The Syntec Tibial Nail System are manufactured from commercially SUS316L (stainless steel) and Ti-6AL-4V (Titanium alloy). It is an intramedullary (IM) nail with a 12° in the upper third of the reamed Tibial Nail. These nails will use ø5mm internal hex captured screws in various lengths for cross-screw fixation in both the proximal and distal portion of the nail. Also, an End Cap ø8.4 in 15mm lengths is available for proximal closing of the nail. The Syntec Tibial Nail System (nail, screw and end cap) are provided non-sterile and single use only. Also, it is not for spinal use. Associated instrumentation such as aiming device for proximal and distal, insertion guide wire, drill accessories, system and removal instruments are available with the system.

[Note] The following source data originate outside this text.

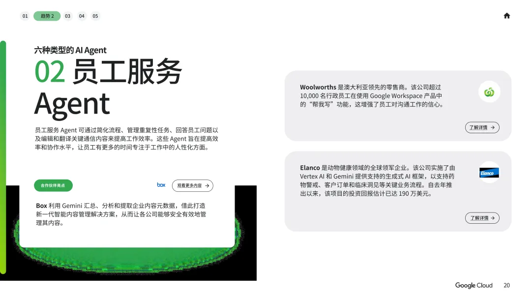 六大类型Agent:客户服务、员工服务、创意服务、数据服务、代码服务、安全服务。
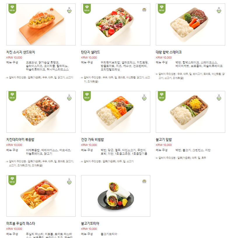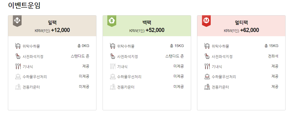 우리는 위탁수하물 구입을 해야하니 52,000원의 백팩을 주목하겠지만 기내식 빼놓을 수 없잖아요? 그럼 기내식 가격도 한번 봐볼까요? 하나에 다 10,000원에 추가금이 붙게 되네요. 그렇담 사전좌석지정 전좌석까지 가능하고 기내식까지 가능한 멀티팩을 선택하는 것이 더욱 이득이겠네요.
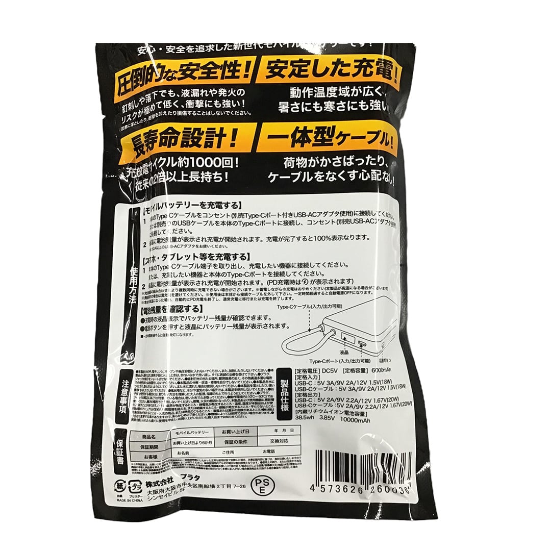 ■新世代固体電池モバイルバッテリー! 従来のリチウムイオンモバイルバッテリーは電解質が液体の為、落下等の外部からの衝撃、過充放電、使用環境等によってセパレーター(絶縁体)が損傷、正極・負極の電解質が液漏れ・接触してショートし、発火や爆発を起こすリスクがありました。本製品はゲル状電解質を用いた固体電池(半固体電池)を採用!正極・負極の接触・発火リスクを大幅に低減し、安全性を飛躍的に向上させたモバイルバッテリーです! ■安心・安全のPSE技術基準適合! 安心・安全のPSE技術基準に適合した商品です。 サイズ(約)縦105×横67×厚み18mm 重量(約) 190g

I am sorry, but the provided text does not contain the information required to answer your request. The document describes a medical device, the Syntec Tibial Nail System, and its clearance as substantially equivalent to predicate devices by the FDA. However, it does not include details about acceptance criteria, device performance metrics, sample sizes for testing, expert qualifications, ground truth establishment, or clinical study results with effect sizes against human readers. The document explicitly states that "Clinical studies are not required to support substantially equivalent" and only mentions "Biomechanical Test: The biomechanical tests ASTM F1264-16e1 were performed to determine substantial equivalence for the Syntec Tibial Nail System".

Therefore, I cannot provide a table of acceptance criteria and reported device performance or information regarding multi-reader multi-case studies, standalone performance, or sample sizes/ground truth details for training and test sets.